** PROMPT **
Below are entries. Give back exactly the lines from the one containing "VİTRA METROPOLE SİYAH" through the one containing "una chica triste", inclusive, without the pictures.

┏━━

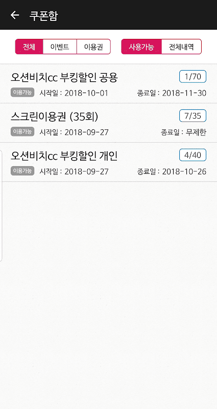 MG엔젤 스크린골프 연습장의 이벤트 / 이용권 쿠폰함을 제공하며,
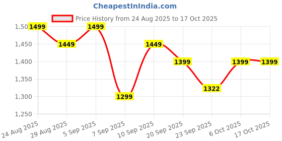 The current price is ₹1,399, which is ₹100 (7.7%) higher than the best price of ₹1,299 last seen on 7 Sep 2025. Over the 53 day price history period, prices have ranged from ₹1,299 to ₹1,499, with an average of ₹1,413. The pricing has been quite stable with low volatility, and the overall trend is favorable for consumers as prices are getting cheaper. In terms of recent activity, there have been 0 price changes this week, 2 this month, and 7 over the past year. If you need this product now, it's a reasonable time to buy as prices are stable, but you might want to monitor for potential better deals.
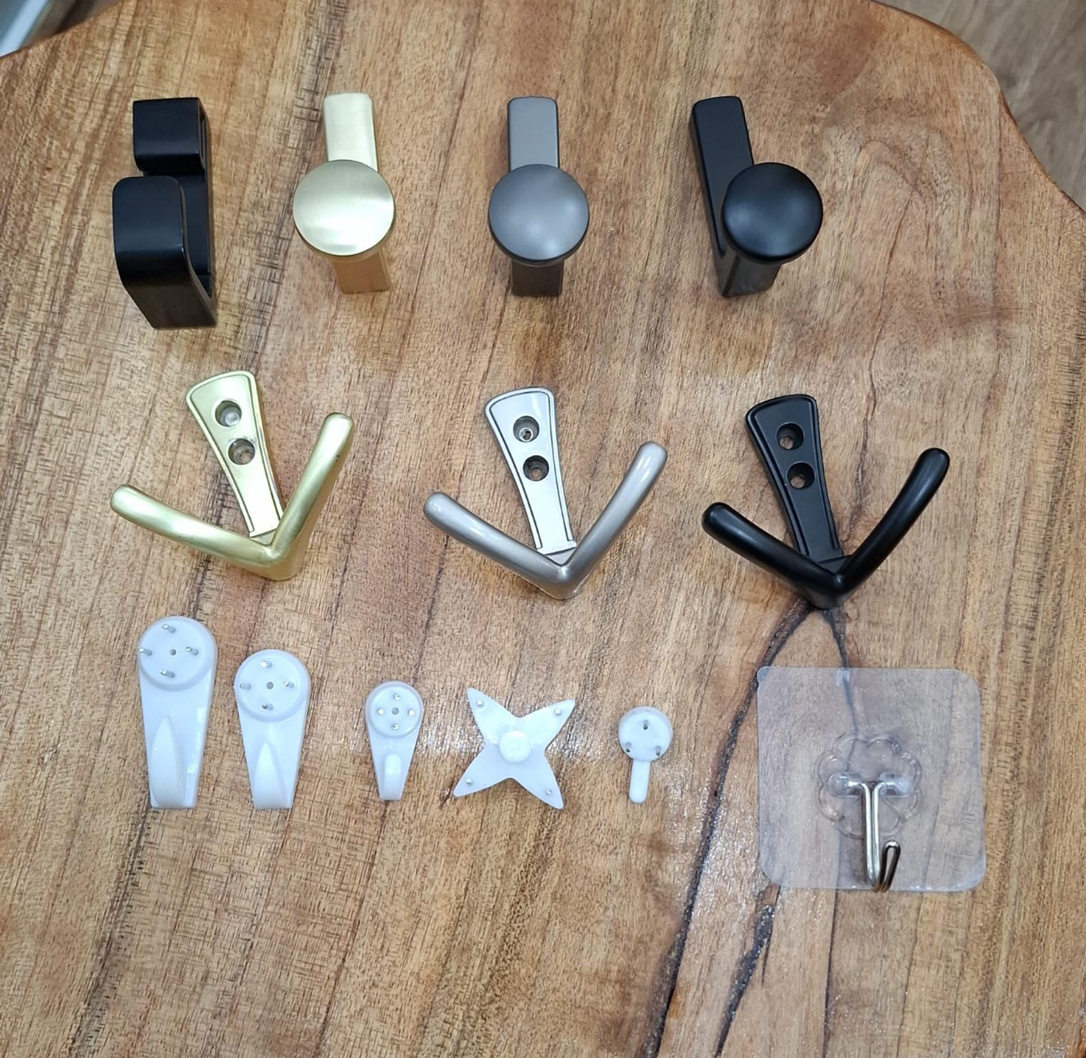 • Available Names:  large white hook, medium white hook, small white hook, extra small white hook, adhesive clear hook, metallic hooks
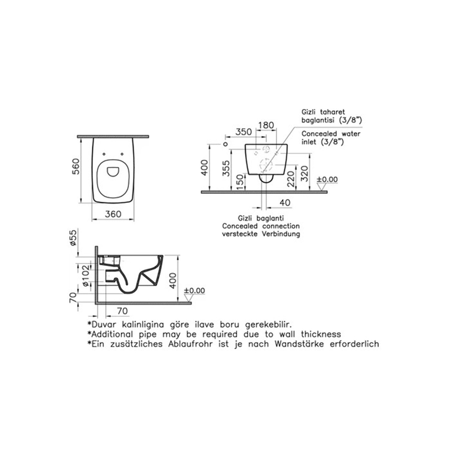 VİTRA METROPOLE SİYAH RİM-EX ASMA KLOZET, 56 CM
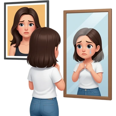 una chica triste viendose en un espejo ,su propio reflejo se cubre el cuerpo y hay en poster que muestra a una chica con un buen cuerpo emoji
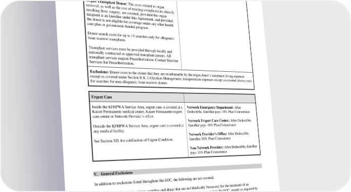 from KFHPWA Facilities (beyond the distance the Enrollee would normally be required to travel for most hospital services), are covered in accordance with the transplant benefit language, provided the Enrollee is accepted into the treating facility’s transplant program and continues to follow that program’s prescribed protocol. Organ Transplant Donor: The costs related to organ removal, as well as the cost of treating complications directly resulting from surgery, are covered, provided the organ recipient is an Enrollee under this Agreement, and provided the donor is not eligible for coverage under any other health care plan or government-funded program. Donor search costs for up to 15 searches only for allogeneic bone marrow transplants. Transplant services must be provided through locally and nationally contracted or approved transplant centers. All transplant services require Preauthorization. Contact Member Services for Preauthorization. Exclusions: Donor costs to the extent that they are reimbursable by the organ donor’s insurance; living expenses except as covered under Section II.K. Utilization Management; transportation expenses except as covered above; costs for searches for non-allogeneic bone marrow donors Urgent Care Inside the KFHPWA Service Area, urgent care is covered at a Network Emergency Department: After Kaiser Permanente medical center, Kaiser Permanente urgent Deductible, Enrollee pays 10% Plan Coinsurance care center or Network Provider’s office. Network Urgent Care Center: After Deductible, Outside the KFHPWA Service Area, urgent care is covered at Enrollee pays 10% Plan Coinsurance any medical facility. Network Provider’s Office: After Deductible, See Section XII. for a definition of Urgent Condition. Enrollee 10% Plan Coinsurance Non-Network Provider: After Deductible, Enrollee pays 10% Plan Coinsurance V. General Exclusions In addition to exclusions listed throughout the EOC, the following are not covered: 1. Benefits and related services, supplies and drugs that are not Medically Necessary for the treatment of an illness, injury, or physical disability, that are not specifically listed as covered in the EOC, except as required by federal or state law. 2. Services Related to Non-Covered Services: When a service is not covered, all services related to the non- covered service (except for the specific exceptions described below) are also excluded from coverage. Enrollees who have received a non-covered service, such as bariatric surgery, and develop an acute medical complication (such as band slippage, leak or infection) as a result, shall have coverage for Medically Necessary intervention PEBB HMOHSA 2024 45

┗━━

** RESPONSE TO THIS TASK **
 VİTRA METROPOLE SİYAH RİM-EX ASMA KLOZET, 56 CM
 una chica triste viendose en un espejo ,su propio reflejo se cubre el cuerpo y hay en poster que muestra a una chica con un buen cuerpo emoji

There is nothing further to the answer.